I also appreciate that it takes all the traffic that would otherwise be running 30 feet away from me on the Richmond and Adelaide overpasses - something you think residents ought to accept on behalf of non-existent residents of other neighbs.
The widening and re-working of the Lake Shore would be for aesthetic reasons, as well. When this plan was intro'ed, they talked about losing two minutes in traffic time along the eastern section. That's more than acceptable. Five minutes would be acceptable.
The widening and reworking is for capacity reasons, but they'll also (in theory, though we know how it works in practice) beautify the roadway as well. The Aesthetic statement here is taking the Gardiner down, not replacing it with a super-designed road. If you're curious about what we're going to end up with, check out the Eastern section of the Lake Shore at Carlaw. Beautiuous.
Even 5 Minutes is a pipe-dream. The light cycles as they exist now add more than 5 minutes to your travel time versus taking the Gardiner. Each intersection can be 3-4 minutes on its own. Add more traffic to that mix, but only an extra lane, and I don't see how you're going to keep the flow you have even now.
Are you exaggerating?
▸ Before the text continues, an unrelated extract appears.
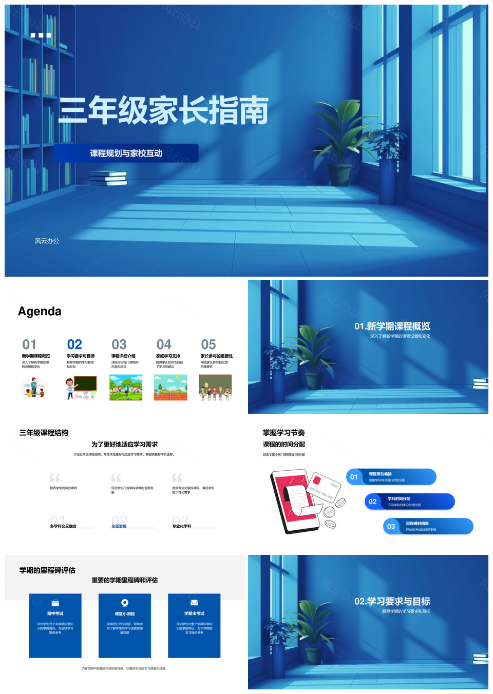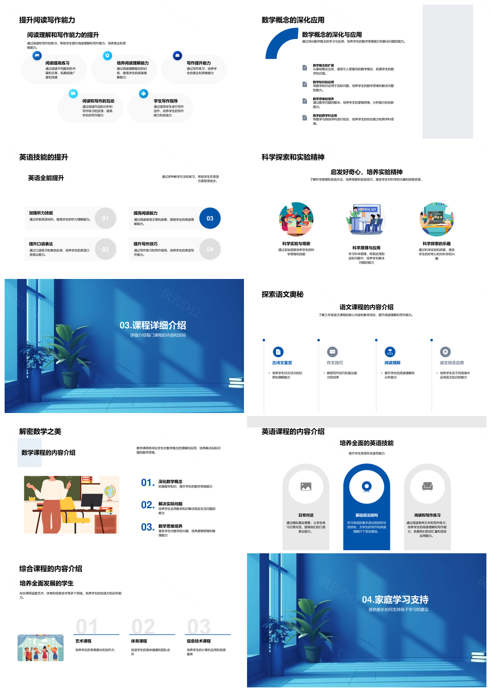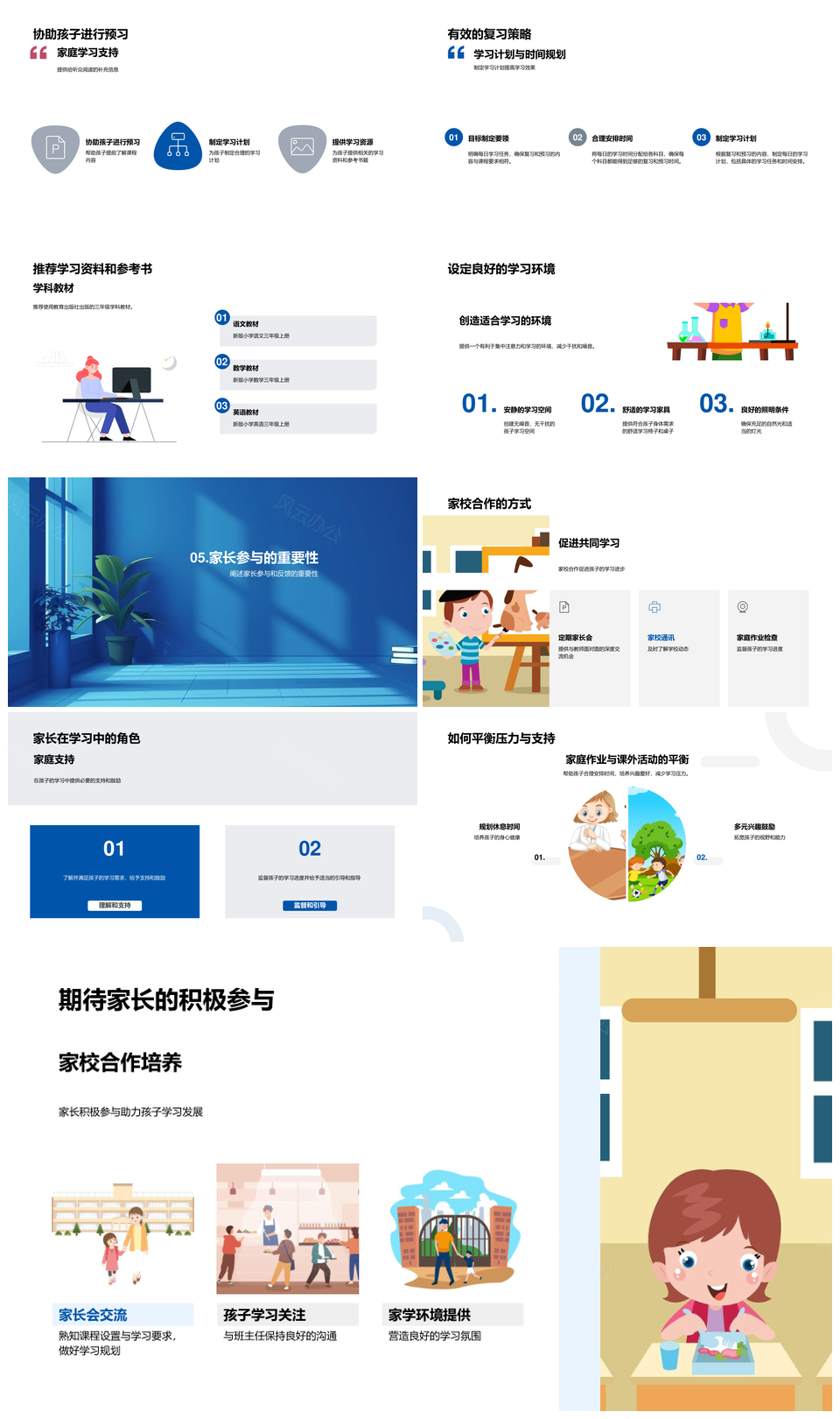 三年级学期规划理解动手学习家校互动情感发展PPT模板

Why would they need to build a "highway over people's homes" to rework the Richmond & Adelaide ramps? If the plan is contingent on that, then I'd find it hard to support.
The Richmond ramp is a single lane. More traffic flows past it than takes it. If you end the highway there, all traffic will now take it. Good luck with that single lane.
So, you'll need to widen Richmond, right? Richmond threads between people's homes, closer even than the Gardiner gets to things. How are you going to add capacity to that? How can you justify adding extra traffic volume like that to an existing neighbourhood when the sole purpose behind it is to favour neighbourhoods that don't even exist? It boggles the mind.
Most of the DVP traffic terminates at Bloor or Richmond already.
No it doesn't. If you drove on the DVP in these sections you would very clearly see that.